Causes of Glomerulonephritis in Children: Understanding the Triggers and Risk Factors
Glomerulonephritis in children is a complex kidney condition that involves inflammation of the glomeruli—the tiny filtering units in the kidneys responsible for removing waste and excess fluids from the blood. This disorder can manifest in various forms, primarily categorized by duration and underlying cause: acute, persistent (or prolonged), and chronic glomerulonephritis. Each type presents unique clinical features and progression patterns, requiring careful diagnosis and management to prevent long-term kidney damage.

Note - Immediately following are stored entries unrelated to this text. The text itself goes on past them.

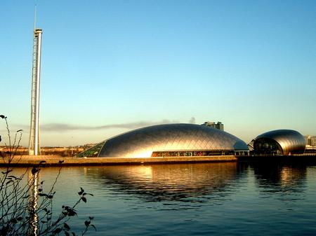 This picture shows the regeneration of the riverside in Glasgow, where there is a huge building programme underway
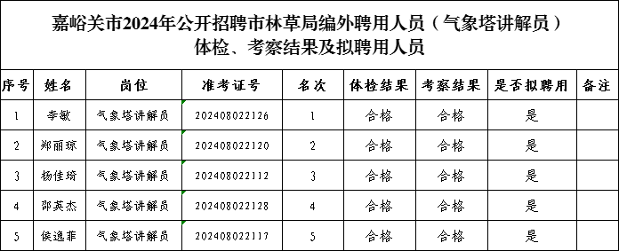 一、嘉峪关市2024年公开招聘市林草局编外聘用人员(气象塔讲解员)体检、考察结果及拟聘用人员名单(详见附件)
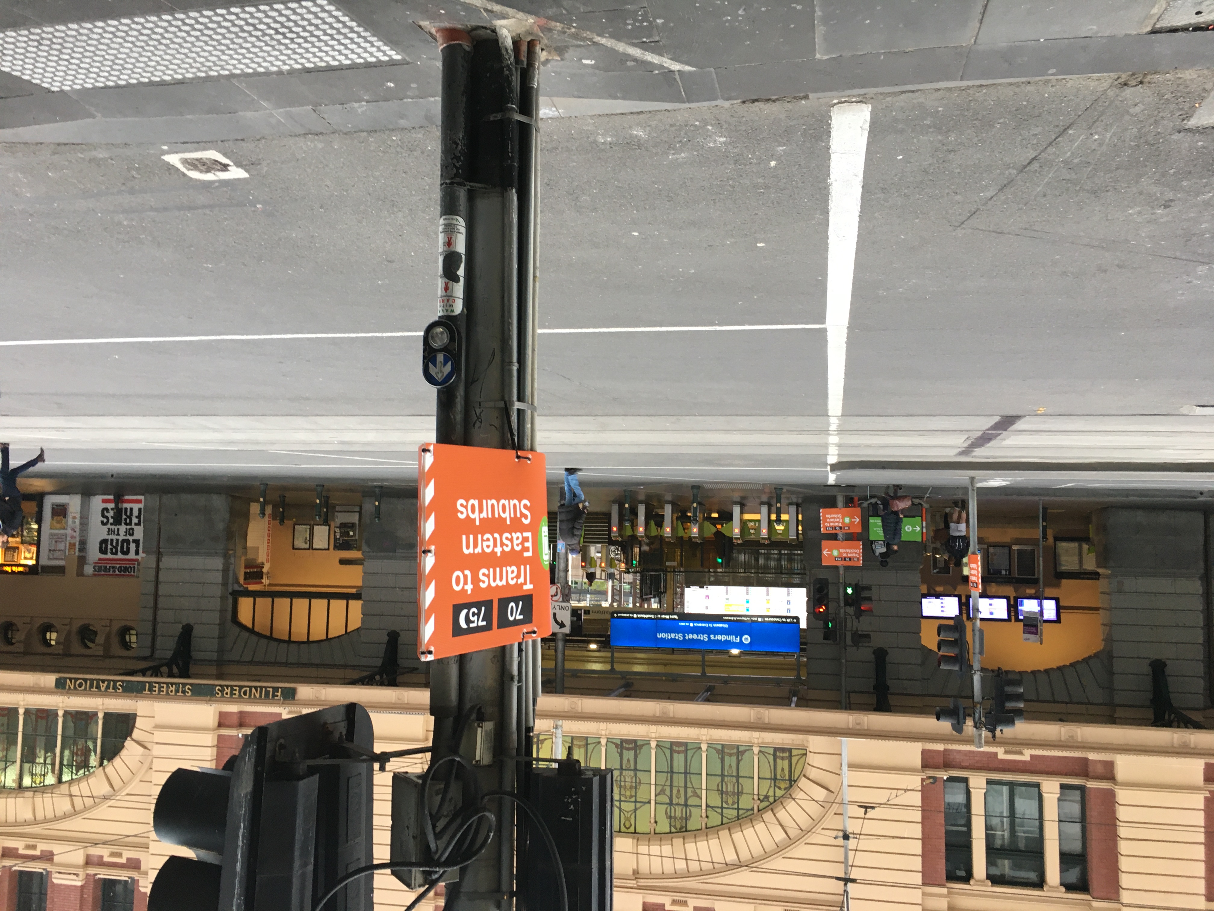 Flinders Street Station in Melbourne city is one of the busiest train stations in the metro network. Normally at 7.45 on a week day morning it would be thronged with commuters, all heading off to work. This morning it was almost deserted. From today almost all workplaces, other than those deemed 'essential' are closed and most people who can are working from home. I work at the Old Treasury Building in the city. We are a heritage site and museum, now closed of course. But we are trying to document the urban environment during this extraordinary crisis, while being extremely careful of our own exposure to risk. From time to time we will share some of our photos and experiences. 24 March 2020, 7.45 AM
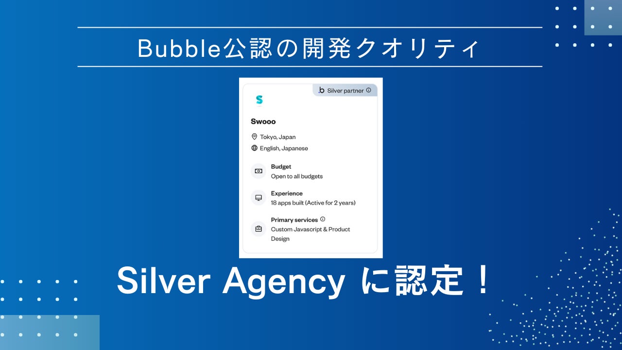 【Swooo】ノーコードBubble社公認の開発代理店 Silver Agencyに認定されました!
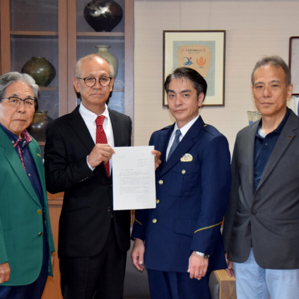 宮古島地区交通安全協会(下地隆之会長)と宮古島地区防犯協会(前川尚誼会長)、宮古島警察署(新垣健一郎署長)は25日、市役所に嘉...
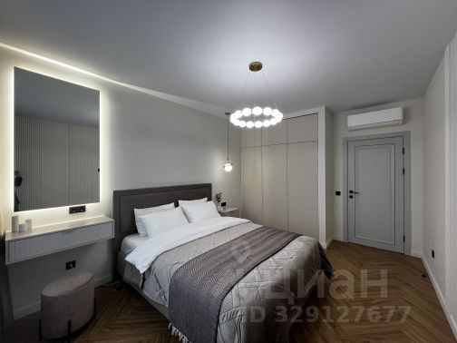 •спальня оснащена кроватью с подъемным механизмом и ортопедическим матрасом, подсветка по периметру, прикроватные тумбы , зеркало с сенсорной подсветкой, комфортный прикроватный пуфик, вместительный шкаф, различные сценарии освещения, шторы блэкаут, скрытые карнизы, кондиционер.
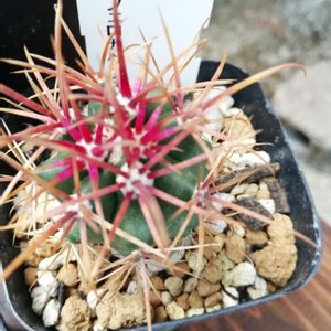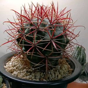 ほぼ1年後の姿シリーズ vol.255 フェロカクタス 赤刺金冠竜 上 21年6月 下 最近 体格が良くなったという印象。 トゲも( >ω<)ヾ(・ω・^ヾ)ワシャワシャ♡ 壁|ω•`๑) 。oO(赤刺っていう割には黄色がある)
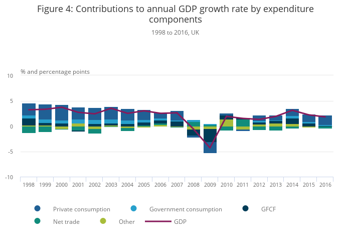 Image .csv .xlsFigure 4 also shows that the contributions to GDP growth from gross fixed capital formation (GFCF) have declined over the last 3 years, from 1.1 percentage points in 2014 to 0.1 percentage points in 2016. In addition, net trade went from making no contribution (to 1 decimal place) in 2015, to a contribution of negative 0.4 percentage points in 2016.
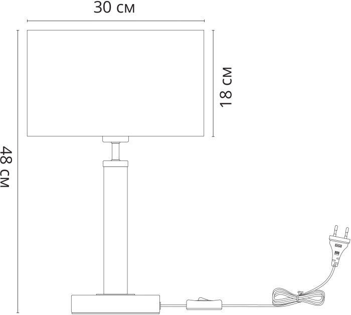 Размеры этой лампы – ширина 300 мм., высота 480 мм. Она идеально подойдёт для комнаты площадью до кв.метров. Для создания приятного освещения здесь использовано 1 ламп с цоколем E27 и общей мощностью 60 Вт.

Acute Glomerulonephritis: Often Linked to Infections
One of the most common types seen in pediatric patients is acute post-infectious glomerulonephritis, which typically develops after a bacterial or viral infection. The leading culprit is a prior group A beta-hemolytic streptococcal infection—often following strep throat or skin infections like impetigo. This immune-mediated response usually occurs 1–3 weeks after the initial infection, when the body's immune system mistakenly attacks the kidney's filtration system.
In addition to streptococcal causes, other pathogens such as Mycoplasma pneumoniae, certain viruses (including Epstein-Barr virus and cytomegalovirus), and even some parasitic infections have been associated with triggering glomerular inflammation in children. While these cases are less frequent, they highlight the diverse range of infectious agents capable of provoking this condition.
Chronic and Persistent Forms: A Broader Spectrum of Causes
When symptoms last longer than three months, the condition may be classified as persistent or chronic glomerulonephritis. These long-term variants often stem from different etiologies and require more in-depth evaluation. They are generally grouped into three main categories: primary, secondary, and hereditary (genetic) causes.
Primary Glomerulonephritis: No Clear Underlying Disease
This form occurs without an identifiable systemic illness. Although the exact trigger remains unknown, experts believe it results from a combination of genetic predisposition, immune system dysregulation, and environmental influences. Conditions like minimal change disease, focal segmental glomerulosclerosis (FSGS), and IgA nephropathy fall under this category. These disorders lead to symptoms such as proteinuria (excess protein in urine), hematuria (blood in urine), and sometimes nephrotic syndrome in children.
Secondary Glomerulonephritis: Caused by Systemic Illnesses
In contrast, secondary glomerulonephritis arises due to well-established systemic diseases. Among children, some of the most notable include:
- Henoch-Schönlein purpura (HSP) nephritis – an autoimmune condition following upper respiratory infections, marked by skin rash, joint pain, abdominal discomfort, and kidney involvement.
- Lupus nephritis – a complication of systemic lupus erythematosus (SLE), where the immune system attacks multiple organs, including the kidneys.
- Hepatitis B-associated glomerulonephritis – particularly seen in endemic regions, where chronic hepatitis B infection leads to immune complex deposition in the glomeruli.
Early detection and treatment of these underlying conditions are crucial to preserving renal function and improving long-term outcomes.
Hereditary and Genetic Kidney Disorders
A smaller but significant subset of pediatric glomerulonephritis cases stems from inherited genetic mutations. These conditions often run in families and may present early in life with persistent hematuria, proteinuria, or progressive kidney failure. Examples include Alport syndrome, congenital nephrotic syndrome, and thin basement membrane disease.
Children with a family history of kidney disease, hearing loss, or eye abnormalities should undergo thorough genetic screening. Identifying these syndromes early allows for proactive monitoring and personalized care plans that may slow disease progression.
Understanding the root causes of glomerulonephritis in children is essential for accurate diagnosis and effective treatment. Parents and caregivers should remain vigilant about signs such as swelling (especially around the eyes and legs), dark or foamy urine, fatigue, and high blood pressure. Prompt medical evaluation can make a critical difference in protecting a child's kidney health and overall well-being.